Выбрать главу

— Может, это было бы к лучшему, — задумчиво отозвалась Гвен. Положить голову ему на плечо она побоялась, чтобы не мешать, но ей и так было всего достаточно для законченной картины счастья. Которое исчезнет очень скоро и именно поэтому пронизывает ее до кончиков пальцев — как солнце, встающее за лесом, освещает каждую травинку.

— Мне не было так страшно даже тогда… во дворце Хаэридиана… когда меня привязали к столбу. Что ты сделала со мной, Гвендолен?

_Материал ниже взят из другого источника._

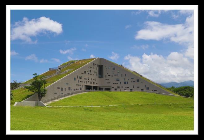 一走進臺東大學的校園,就能看見一座高大的、綠色的金字 塔。這座金字塔就是臺東大學著名的地標──圖書館。 圖書館在一片綠油油的草地上,旁邊有著美麗的鏡心湖。因為 屋頂也種了草皮,圖書館看起來就像一座綠色的金字塔,遠看還像 是一本翻開來的書。因為特別的外型,圖書館被選為「世界 8 大特 色圖書館建築」之一,許多遊客來到臺東大學就是為了看一眼美麗 的圖書館。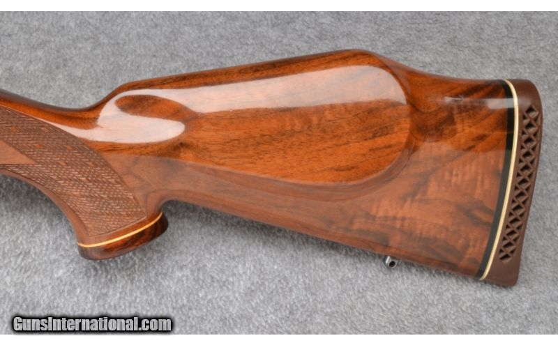 Description: Nicely figured wood shows a few light use/storage marks. Barrel blue has a bit of wear at the muzzle. Complete with rings and base. Japan manufacture. No box. SOLD Manufacturer: S/N H112XXX Caliber Info: .300 Wby. Mag. Metal Condition: Very Good Wood Condition: Very Good Bore Condition: Excellent Barrels: 26 Triggers: Factory Stock: Checkered Walnut Pistol Grip with Contrasting Cap Stock Dimensions: 13 3/8" LOP Fore End: Checkered Walnut with Contrasting Cap Butt Pad: Brown Vented Rubber Weight: 9 LB Sights: None - Rings and Base Included Item Location: Wheeling, WV |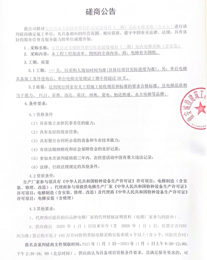 寶興縣靈關(guān)保障性租賃住房建設(shè)項(xiàng)目(二期)室內(nèi)電梯采購(gòu)(含安裝)談判磋商公告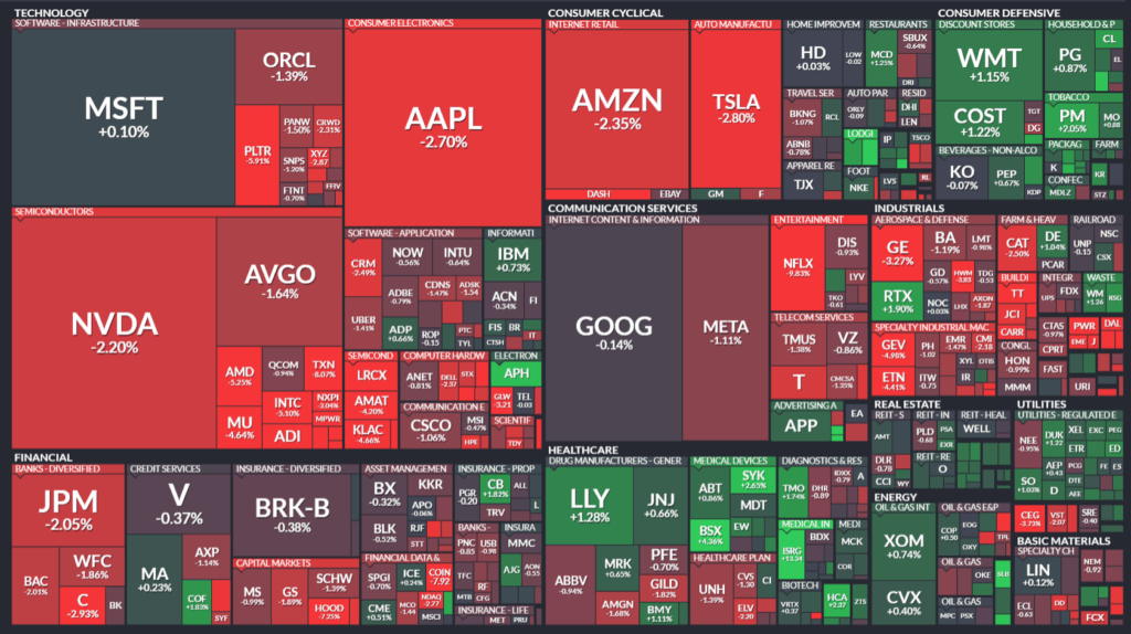 Big tech names like AAPL and GOOGL led the decline, which tells you this wasn’t just a few weak sectors … it was broad selling pressure.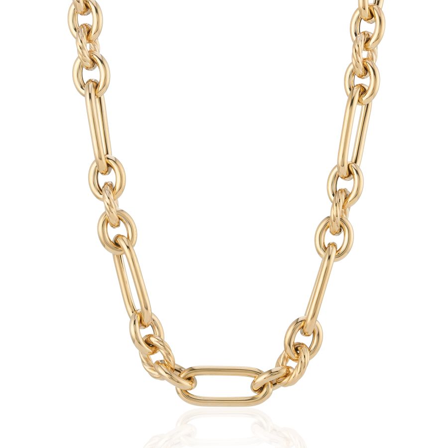 Oval links separated by smaller oval links with the middle one of these in a rope texture make up this beautiful chain necklace, fashioned in 9ct yellow gold.

— Если бы я могла что-то сделать на самом деле…Ведь если бы за нами не было погони, ты бы во весь опор скакал обратно. И я бы не сидела в твоем седле. Правильно?

— Ты совершенно права. И я тебе объяснял, почему я так поступаю.

— Послушай… — Гвендолен помедлила, но все-таки ей было гораздо легче говорить откровенно, когда Эбер не смотрел ей в лицо, а она прекрасно видела каждую его черточку. — Я все понимаю… и не жду ничего… по-другому со мной быть не может. Но если бы я была обычной женщиной… без проклятия Вальгелля… ты смог бы… полюбить меня по-настоящему?

— Если бы ты была обычной женщиной, мы бы не встретились.

— Ты не хочешь отвечать?

— Ты все упрощаешь, Гвендолен. Потому что никогда не была на моем месте. Я… так тебе завидую.

— Мне?

— У тебя еще столько всего впереди. Столько хорошего.

— Вряд ли. У меня впереди несколько часов. До первого относительно безопасного места, откуда ты сразу же помчишься в Круахан.

— Почти сразу. Надеюсь, что это место будет не только безопасным, но и достаточно укромным.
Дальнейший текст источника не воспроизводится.